Of course, the new analytical muscle afforded by algorithms is enhanced by new data forms like remote technologies using satellite imagery and GPS for example. Mette Bastholm Jensen (XCEPT – Cross Border Conflict Evidence/Policy/Trends) outlined the dynamics of cross-border conflict in which time sequenced imagery over long periods can, for example, chart changes in people and wildlife movements. The use of these technologies is evident in the current Russian invasion of Ukraine, for example.

Noshua Watson (Interwoven) provided an interesting example of evaluative tension in which ESG (Environmental Social and Governance which constitute the three key factors when measuring the sustainability and ethical impact of an investment in a business or company) considerations, often attracting large scale data management and analytics to assess impact and effects might be missing the point associated with ‘sense making’ across diverse stakeholders.

Together with very large data come powerful responsibilities, to (mis)quote Spiderman. Data science tends to focus too much on statistical manipulations of big data and deriving conclusions from mathematical calculations without a forensic examination of the intersection between the instrument deriving the data and the data sources themselves (this interface often remains opaque or hidden but might yield quite flawed data).  Fundamentally, data needs to help us to make ‘sense’ of a situation, not confuse or obfuscate.

The ‘data revolution’ is also notable in the domain of policy evaluation. While many evaluation functions and evaluation professionals have yet to explore this new opportunity space, others have started their journey into questioning, managing and analyzing (big) data and other forms of data in the framework of evaluative analysis. The covid-19 pandemic, while restricting opportunities for empirical data collection in evaluation, has problematized to some extent the pace of innovation in evaluation, including the use of new data as well as the use of data science techniques to process and analyze ‘old and new’ data.

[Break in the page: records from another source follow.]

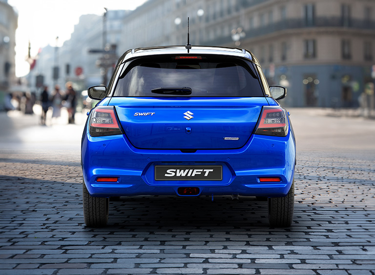Novi Swift se ističe profinjenim dizajnom — od elegantnih, čistih linija dvobojne karoserije do širokog stražnjeg branika. Njegov sportsko-atletski izgled savršeno odražava agilnost i precizno, brzo upravljanje.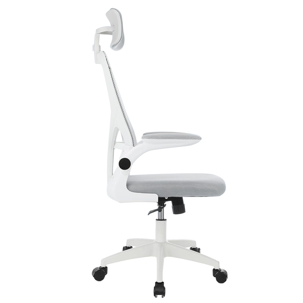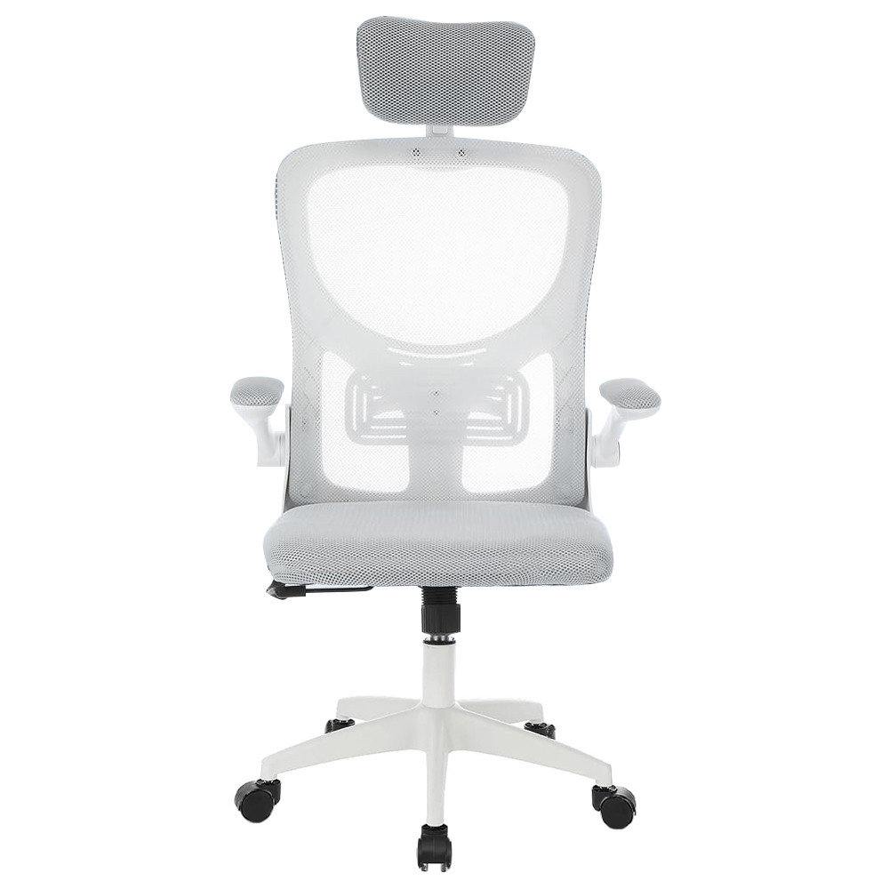 Ergonomska pisarniška stolica z ledveno oporo in naslonjalom za glavo - Siva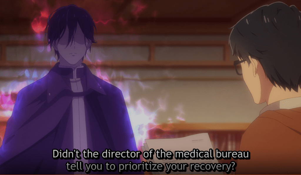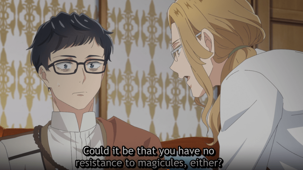 Indolark makes his way to the cafeteria and asks the accounting department where Kondou is. Norbert tells him that Kondou usually brings his own lunch. Indolark makes his way to the accounting office where he finds Kondou working hard. Indolark grabs Kondou and makes him go to the doctor. There, they learn that Kondou has a low tolerance for magicules which occurs even in their world’s food.

So, the panelists and wider participants were able to point to the evaluative potential of these newer forms of data and the technologies which produce them, but acknowledged that the emerging practices were patchy, not widespread and relied on quite high levels of expertise not widely available.

There are other caveats around ethical practice, consultation, contextual understanding associated with data analytics, machine learning and the wider use of algorithmic techniques which might form the basis of some principles of procedure associated with these emerging practices.  These are listed at the start of the blog.